On developing benchmark evaluations

The Multimedia COMMONS 2016 workshop (October 16 2016) –that will run as part of the ACM Multimedia conference in Amsterdam– will provide a forum for the community of current and potential users of the Multimedia Commons. This is a multi-institution collaboration initiative, that was launched last year to compute features, generate annotations, and develop analysis tools, principally focusing on the Yahoo Flickr Creative Commons 100 Million dataset (YFCC100M), which contains around 99.2 million images and nearly 800,000 videos from Flickr. The workshop aims to share novel research using the YFCC100M dataset, emphasizing approaches that were not possible with smaller or more restricted multimedia collections; ask new questions about the scalability, generalizability, and reproducibility of algorithms and methods; re-examine how we use data challenges and benchmarking tasks to catalyze research advances; and discuss priorities, methods, and plans for continuously expanding annotation efforts.

At the MMCommons workshop I will discuss the development of benchmark evaluations in the context of  a series of tasks focusing on audiovisual search emphasizing its ‘multimodal’ aspects, starting in 2006 with the workshop on ‘Searching Spontaneous Conversational Speech’ that led to tasks in CLEF and MediaEval (“Search and Hyperlinking”), and recently also TRECVid (“Video Hyperlinking”). The value and importance of Benchmark Evaluations is widely acknowledged. Benchmarks play a key role in many research projects. It takes time, a well-balanced team of domain specialists preferably with links to the user community and industry, and a strong involvement of the research community itself to establish a sound evaluation framework that includes (annotated) data sets, well-defined tasks that reflect the needs in the ‘real world’, a proper evaluation methodology, ground-truth, including a strategy for repetitive assessments, and last but not least, funding. Although the benefits of an evaluation framework are typically reviewed from a perspective of ‘research output’ –e.g., a scientific publication demonstrating an advance of a certain methodology– it is important to be aware of the value of the process of creating a benchmark itself: it increases significantly the understanding of the problem we want to address and as a consequence also the impact of the evaluation outcomes.

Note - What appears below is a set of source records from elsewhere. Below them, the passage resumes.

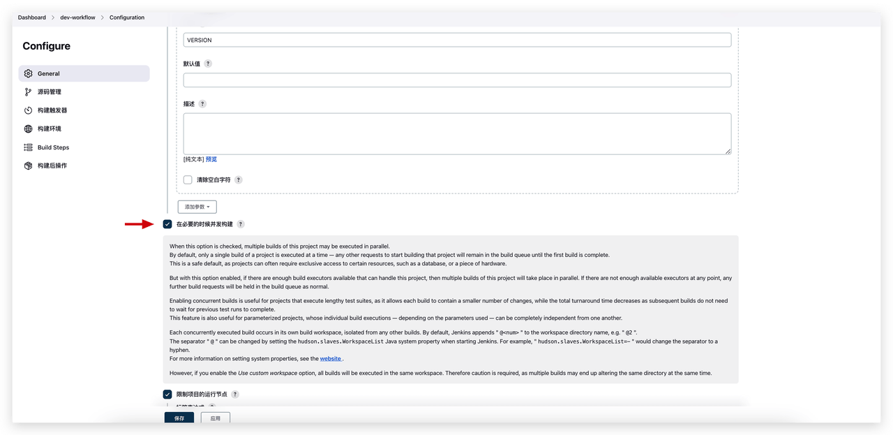 Jenkins 和 Zadig 均支持同一工作流的多个任务并发执行。Jenkins 通过资源节点来控制并发数量,而 Zadig 则统一管理并发调度策略,具有灵活控制任务优先级能力。 Jenkins 通过在节点上配置「任务执行数量」来控制多个任务的并发,单个 Jenkins 任务的并发可以在任务配置中指定。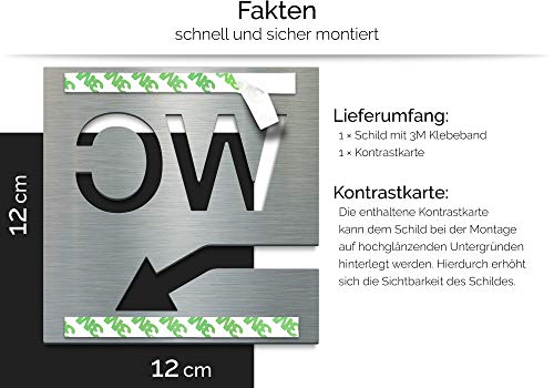 ⭐ SPECIFICHE TECNICHE - Altezza: 120 mm, Spessore materiale: 1 mm - CONSEGNA: 1 etichetta della porta in acciaio inox (V2A) con strisce adesive 3M di alta qualità, cartina di sfondo (aumenta il contrasto del pittogramma su superfici luminose) SUGGGERIMENTO - Quando la segnaletica della vostra toilette pensate anche alla segnaletica sufficiente della via verso la toilette, perché "la via è l'obiettivo...."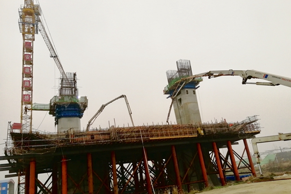 12月1日下午,裕溪河特大桥东岸13号主墩开始0#块混凝土浇筑施工。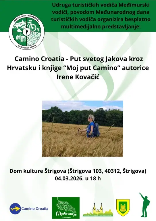 Dom kulture Štrigova ove će srijede, 4. ožujka 2026. godine u 18 sati, postati središte hodočasničkog duha i inspirativnih životnih priča. Udruga turističkih vodiča „Međimurski vodiči“ organizira multimedijalno predstavljanje projekta Camino Croatia te promociju putopisa „Moj put Camino“ autorice Irene Kovačić. Ovaj događaj idealna je prilika za sve koji razmišljaju o vlastitom hodočašću, ljubitelje aktivnog turizma ili one koji jednostavno žele čuti priču o osobnoj transformaciji na putu dugom 800 kilometara.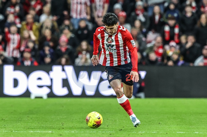 Enzo Le Fee of Sunderland breaks with the ball during the Premier League match Sunderland vs Newcastle United at Stadium Of Light, Sunderland, United Kingdom, 14th December 2025, Credit:Ae Cosgrove/News Images / Avalon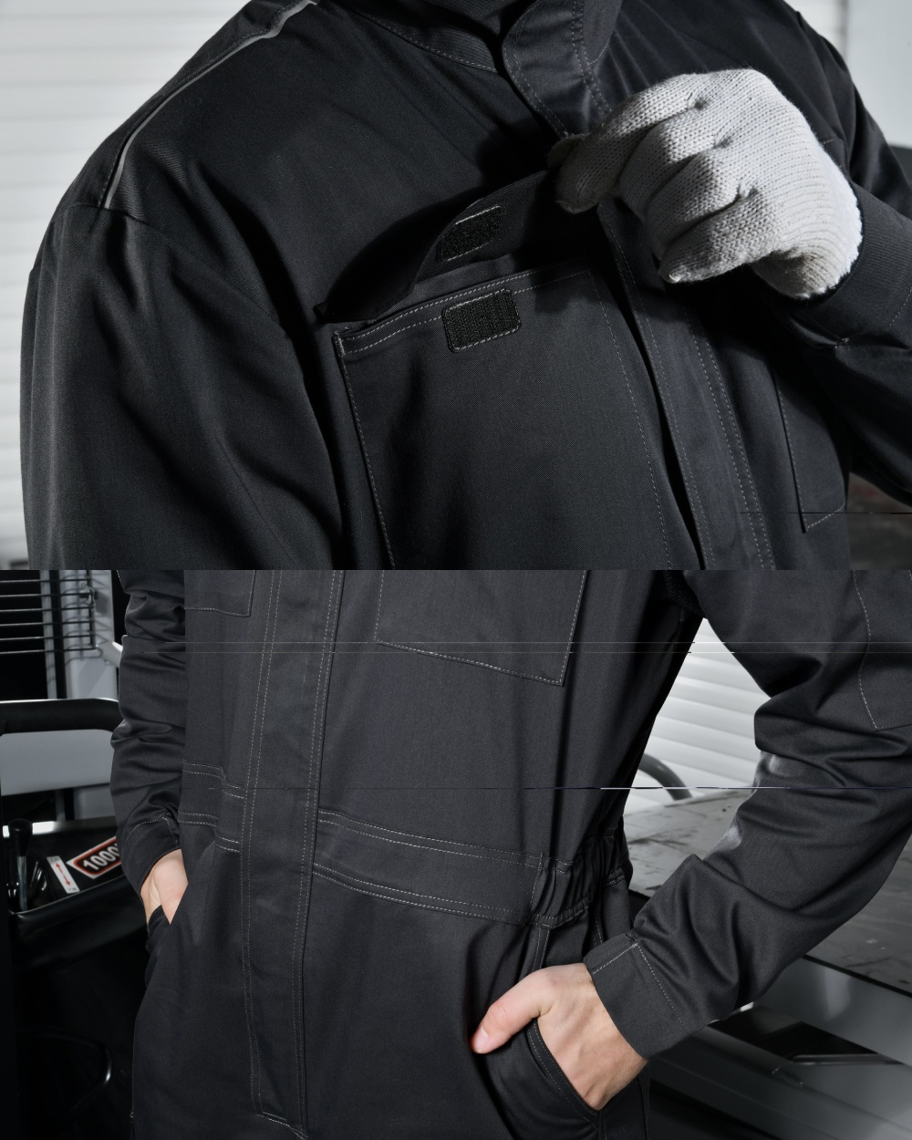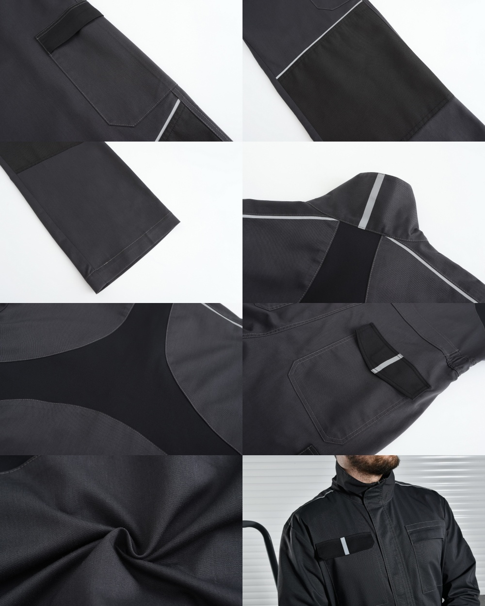 2. 3M reflective strips on shoulders, chest, back neck, and knees for safety; Ribbed cuffs and black elastic waistband offer easy adjustment and a secure fit; Large flap chest pocket and sleeve pocket designed to meet work demands.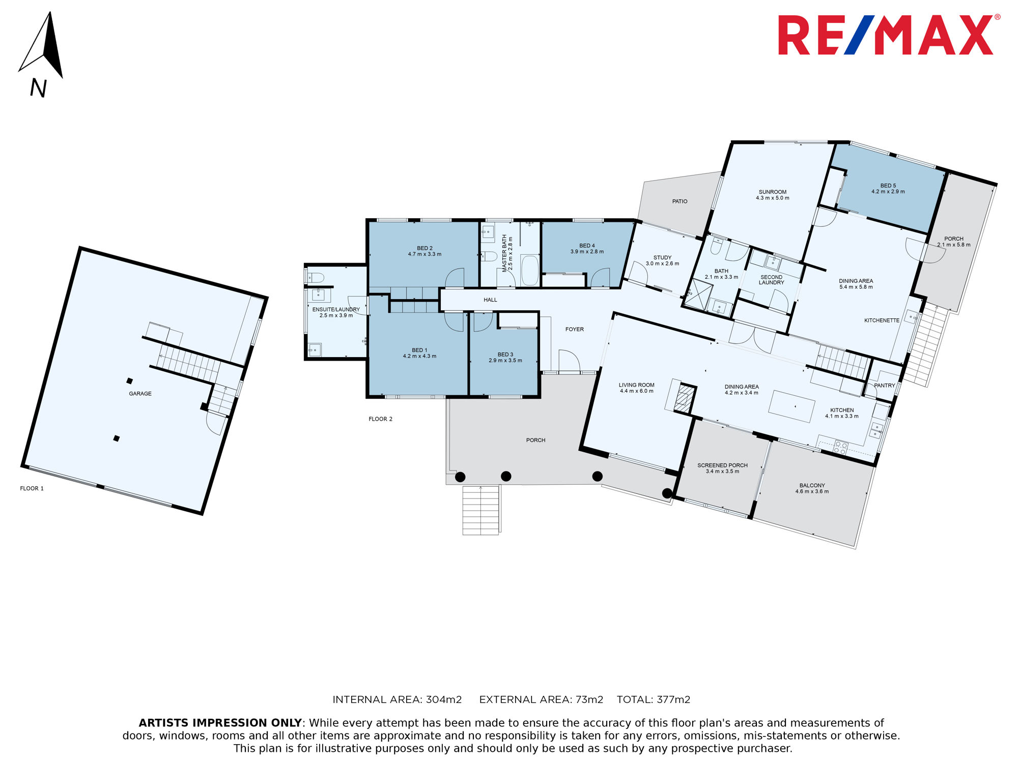 A highset design, the light-filled upper level comprises formal entry foyer, five bedrooms, three fully tiled bathrooms, study, separate living areas, stylish modern kitchen, kitchenette, multiple balconies, and two laundries. The ground floor consists of a triple lock-up garage with workshop/storage space plus double carport.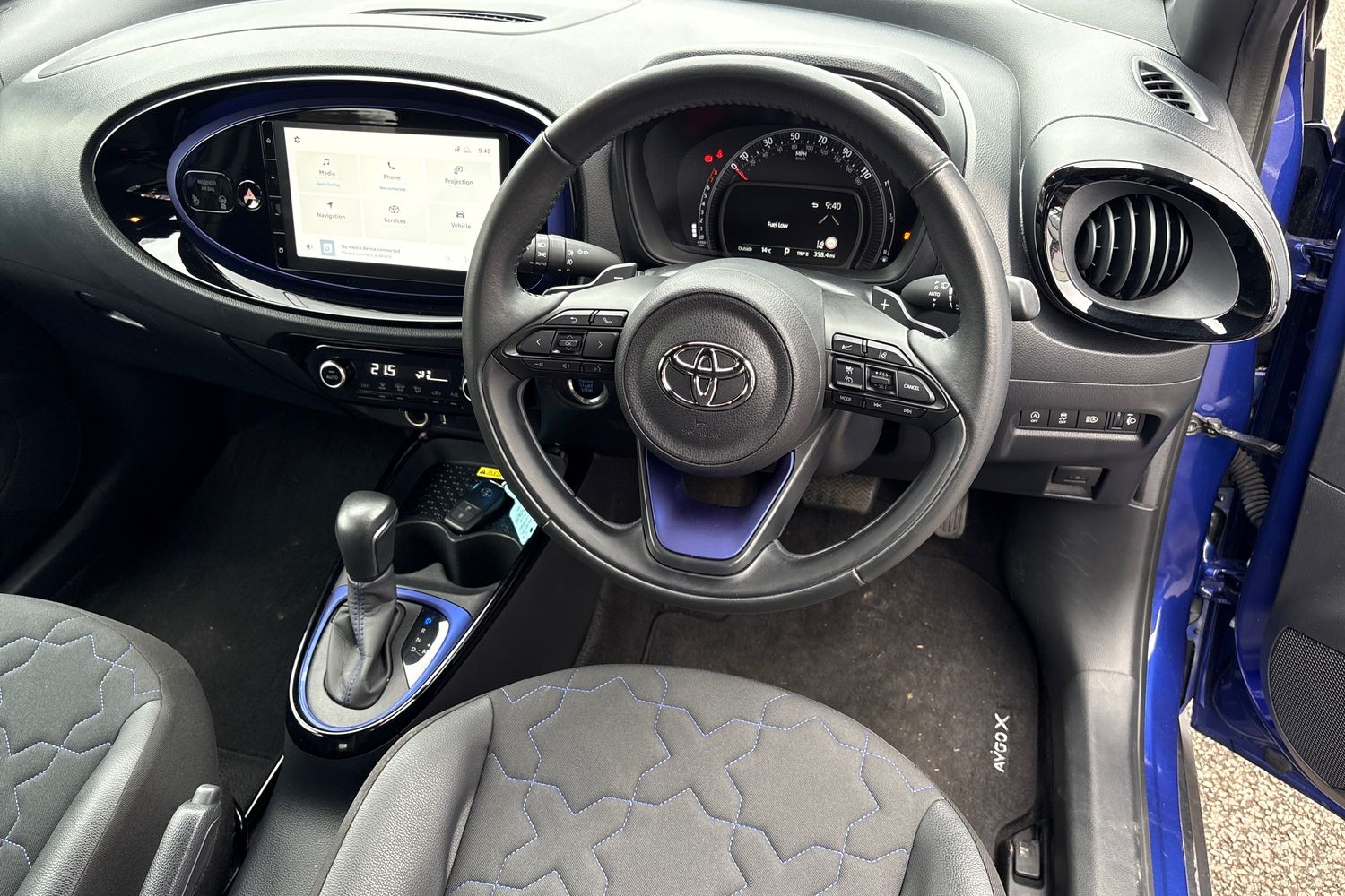 "Leather wrapped steering wheel and gear knob",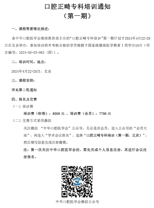 口腔正畸专科培训通知(第一期,北京)

The focus of my talk will be on the process rather than on the results of these evaluations themselves, and will address cross-benchmark connections, and new benchmark paradigms, specifically the integration of benchmarking in industrial ‘living labs’ or Evaluation-as-a-Service (EaaS) initiatives that are becoming popular in some domains.

Audiovisual Linking: Scenarios, Approaches and Evaluation

The concept of (hyper)linking, well-known in the text domain, has been inspiring researchers and practitioners in the audiovisual domain since many years. On 30th of August 2016, I will talk about audiovisual linking at the 1st International Conference on Multimodal Media Data Analytics (MMDA2016) in The Hague, The Netherlands.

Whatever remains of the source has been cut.